How have you used technology in the classroom?

While in college, I had learnt about the movement in the United states, where students being taught how to code as an essential skill for future technical jobs. I felt that this could be very easily replicated in India, in my classroom.

I chose a group of students of various academic levels, and taught them basic programming using Scratch and Python. I was amazed as some of them, who were very weak academically, aced through my lessons, correctly predicting the logic and algorithm for the program. I realized they were academically weak as their English was weak and a fresh start with a programming language put them at a level playing field as their peers.

Later, we moved to using the Raspberry Pi, a 35$ minicomputer, to build gadgets that can solve problems in their communities. I acted as their guide, helping them arrange the sensors and debug the code, but the gadgets they came up with brilliant- beyond the capability of most engineering graduates. We brainstormed to make a list of problems in their community and went about thinking of ways of solving them.

We built a water leakage detector and a burglar alarm that detects movement at night. We build a calculator for the blind that beeps out the answer through a buzzer. All these projects not only made them more empathetic by thinking about other people’s problems, but also showed them how easy it was to take ownership by learning a new skill, like coding, and using it to help people.

I created a website,, through which other teachers who were interested in teaching their own students how to code, could use my lesson plans and form a community to further the cause of teaching programming skills in India.
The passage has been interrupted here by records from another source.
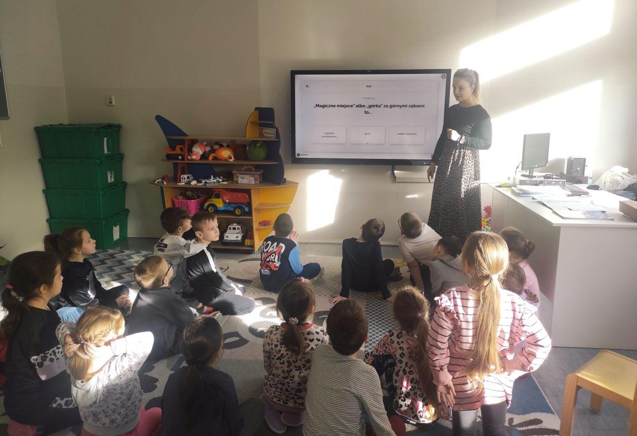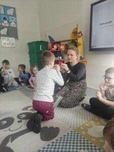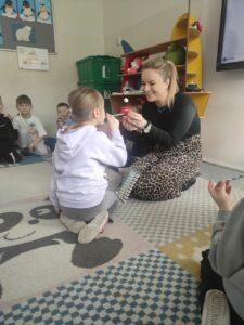 „6 marca obchodziliśmy Europejski Dzień Logopedy. Z tej okazji zostały przeprowadzone przez Panią Asię, warsztaty logopedyczne przybliżające zawód logopedy oraz rozwijające sprawności językowe.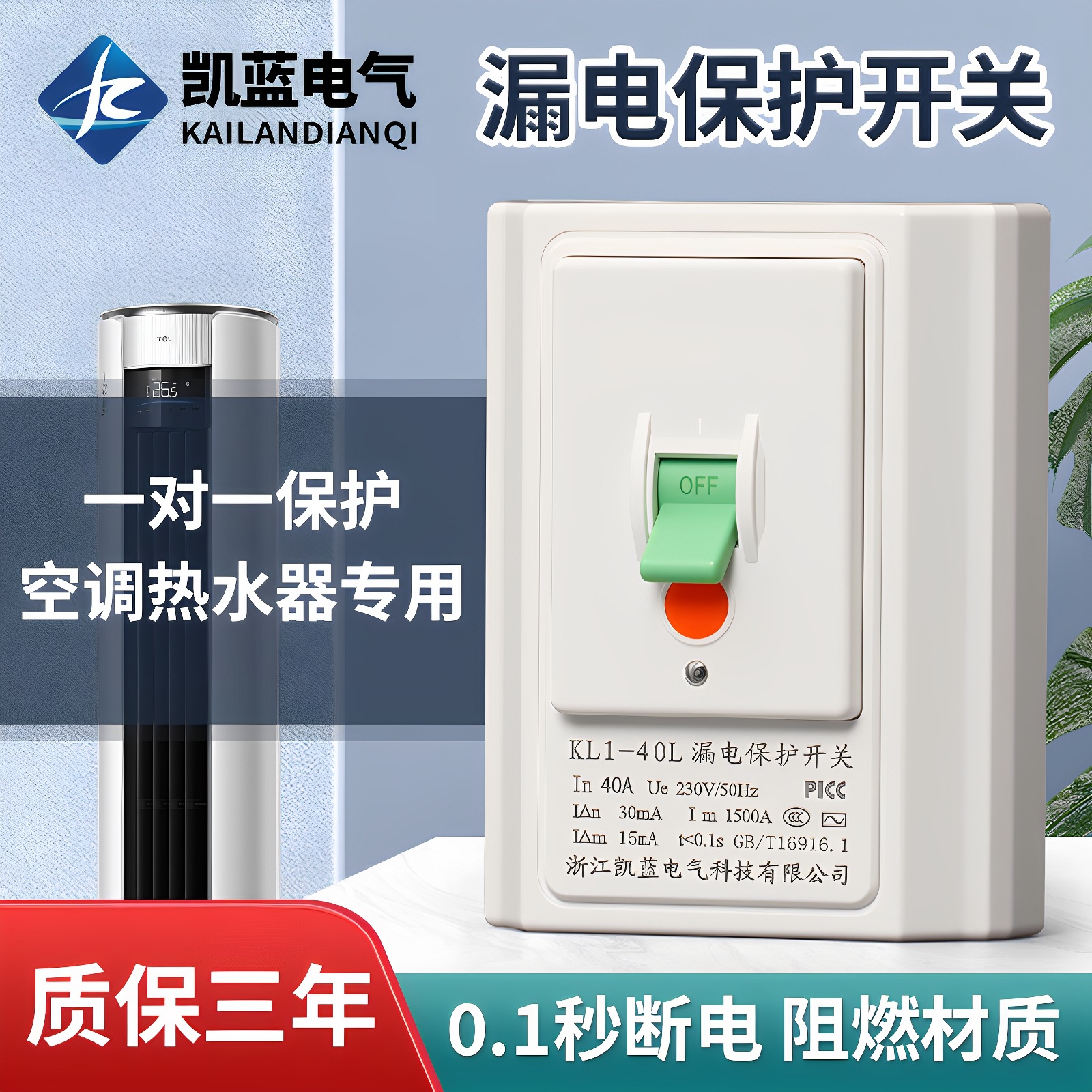 86型暗装家装40A空调漏电保护开关 电热水器专用漏保家用空气开关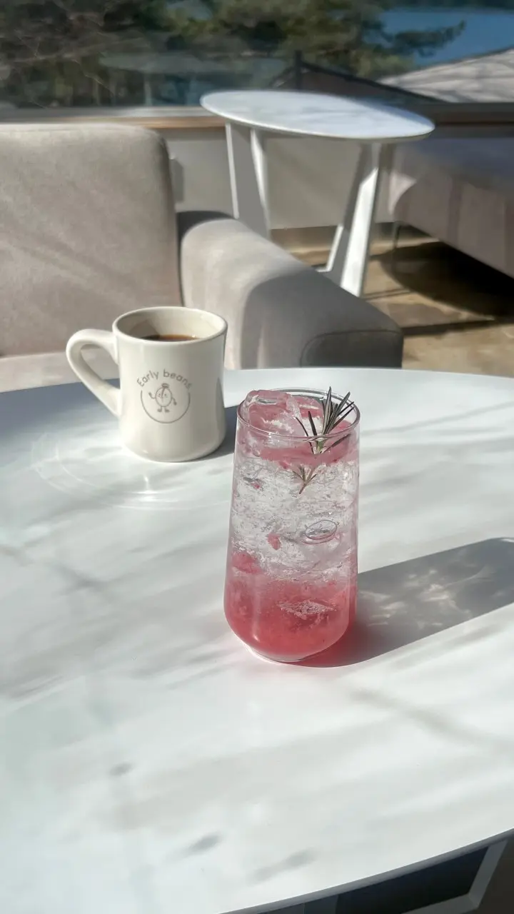 얼리빈스는 3층 규모의 대형 카페라 좌석 수가 넉넉하고, 층마다 분위기가 조금씩 달라요. 통창을 따라 배치된 바 좌석, 낮은 소파석, 단체도 앉을 수 있는 테이블석까지 다양해서 누구와 가도 어색하지 않은 구조예요.

The program will go live in July ‘18

What are your future plans?

I have accepted a role as Program Manager at Central Square Foundation in Delhi. This is a philanthropy organisation that aims to improve the Indian school education system by working with the top NGOs in education and engaging the government, to remove educational inequity in the country.

In addition to this, I plan to take my Code For Hope project forward with TFI Delhi, and assist fellows who are eager to teach their students how to code and build electronics.
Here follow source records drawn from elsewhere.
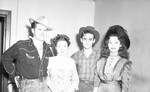 The Knight's of Columbus are hosting a '49 Party. Preparing for the festivities, left to right, are Carl M. Johnson, Mrs. Carl M. Johnson, Phil Hopkins, and Mrs. Barbara Colbert. Mr. Johnson is dressed in a cowboy hat, western shirt, and jeans. He has a gun holstered on his hip. Mrs. Johnson is wearing a vintage old west dress. Mr. Hopkins is dressed in a cowboy hat, plaid shirt and jeans. Mrs. Colbert is a feathered hat and a vintage old west dress.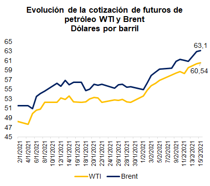 Desde los inicios del mes de febrero de 2021, la cotización del petróleo mostró una tendencia alcista.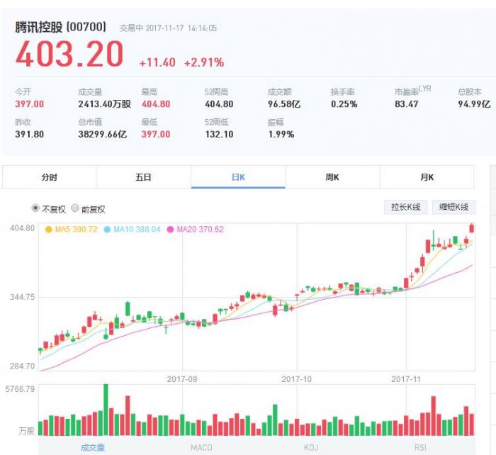 11月17日,腾讯今日股价上涨,一度超过400港元,市值超过3.8万亿港元,成为亚洲市值最高的公司。截至目前,腾讯控股报403.2港元,上涨2.91%。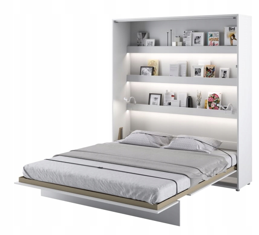 Вертикальний диван-ліжко з матрацом шириною 180 см відмінно підійде як велике двомісне ліжко. Напівліжко оснащене внутрішніми полицями, які ідеально підходять для зберігання книг і прикрас або для зберігання повсякденних речей.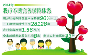 完善保障体系。坚持全覆盖、保基本、多层次、可持续的方针,初步建成了覆盖城乡居民的社会保障体系,城乡社会保障覆盖率保持在90%以上。

I plan to study further after working for a few years, either a Master’s in Business, or Public Policy. I want to work in the education sector in the long term to bring about a grassroots change in the system.

What are the other avenues in education?

The various avenues are curriculum development, mental health, student assessment, teacher training, early childhood development, technology in education and school leadership

There are roughly two types of companies in the education sector, depending on who is being catered to. The for-profit and not for profit sectors.
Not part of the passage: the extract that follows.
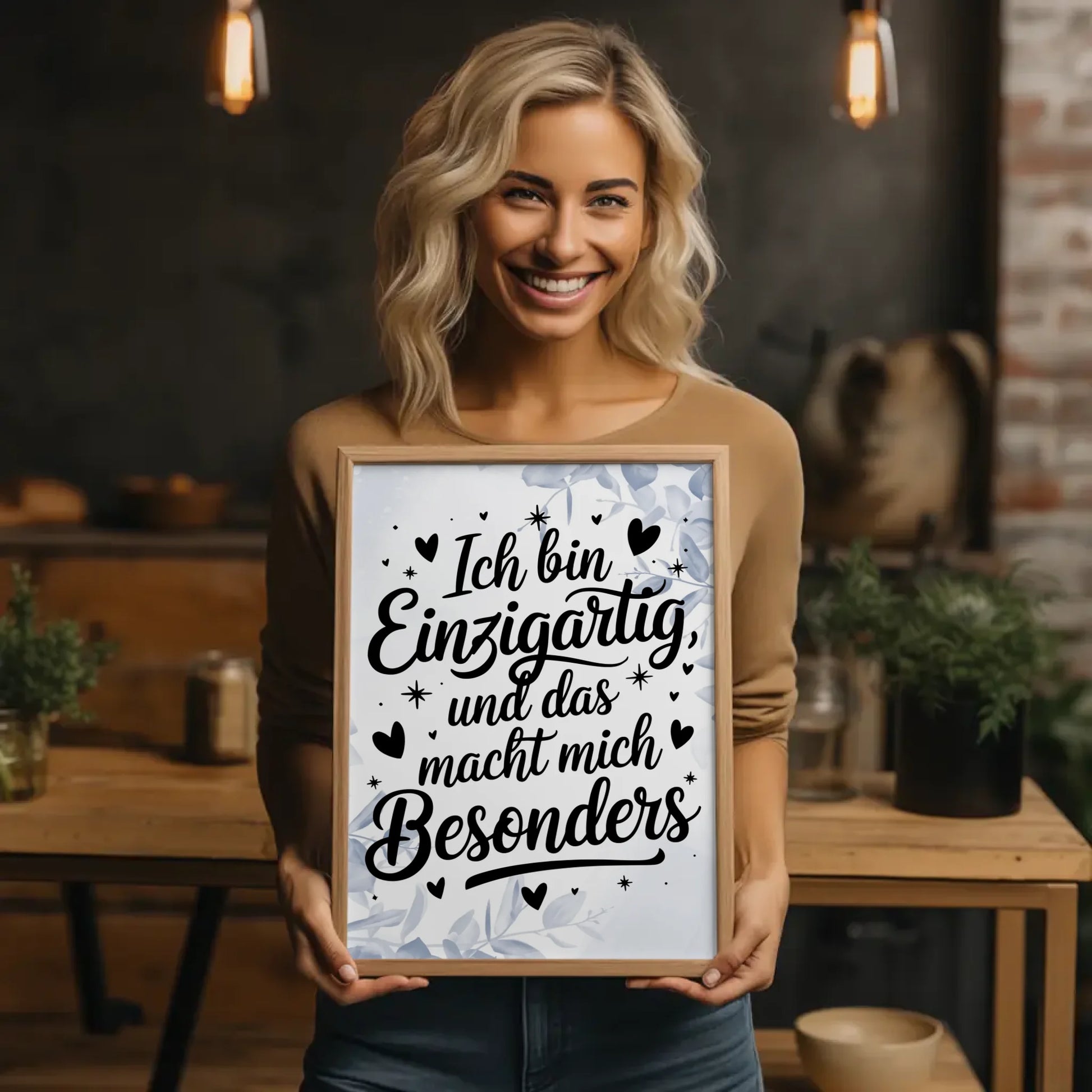 Affirmationsposter Ich bin einzigartig und das macht mich besonders positiv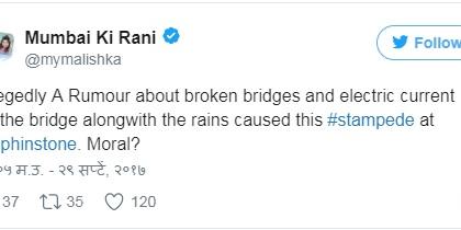 सोशल मीडियावरही एल्फिन्स्टन असा हॅशटॅग ट्रेंडमध्ये आला असून, ‘मुंबईची राणी’ म्हणून ओळखल्या जाणाऱ्या आरजे मलिष्कानेही तिच्या ट्विटर अकाऊंटवरुन ट्विट करत या दुर्देवी घटनेनंतर एक महत्त्वाचा प्रश्न उपस्थित केला आहे. ‘या दुर्घटनेनंतर आधी पूल तुटल्याचं आणि शॉक सर्किटचं कारण देण्यात आलं. त्यानंतर पावसामुळे ही दुर्घटना घडल्याचं म्हटलं गेलं. हीच का तुमची नैतिकता?, असा प्रश्न मलिष्काने तिच्या ट्विटमधून उपस्थित केला आहे. मलिष्काच्या या ट्विटला काही जणांनी रिट्विट केलं आहे. तिचं हे ट्विट पाहता आता ती आणखी काय वक्तव्य करणार याकडेच अनेकांचे लक्ष लागून राहिले आहे. या दुर्घटनेनंतर अनेकांनीच त्यांच्या संतप्त प्रतिक्रिया देत या सर्व प्रकाराबद्दल प्रशासनाच्या निष्काळजीपणावर तीव्र शब्दांत मत व्यक्त केलं आहे.

In the for profit sector, there is a huge boom of companies, start-ups and established ones alike, that cater to all kinds of students from Heymath, Byju’s and Toppr for school students, to Upgrad for working professionals.

In the non-profit sector, there are a vast number of NGO’s working towards a range of need based individuals such as rural education development (Barefoot College), spoken English (Leap For Word), low income schools(TFI, Akanksha), etc.

How can one get into the education sector, having done engineering or anything similarly unrelated?

I believe that being an engineer, especially from NIT-Trichy, is a boon to anyone looking to join the education space. All the companies I mentioned value the knowledge of content we come in with, as Math, English and Science are the crucial building blocks of primary and secondary education.

They require individuals with a strong background of these subjects, so they can create excellent quality content, or be amazing teachers who can focus on personality development of students rather than study content.

In order to work as a manager in the development sector, however, you require some experience of having worked at a grassroots level, either through a fellowship like TFI or the SBI Youth for India fellowship, or at an NGO.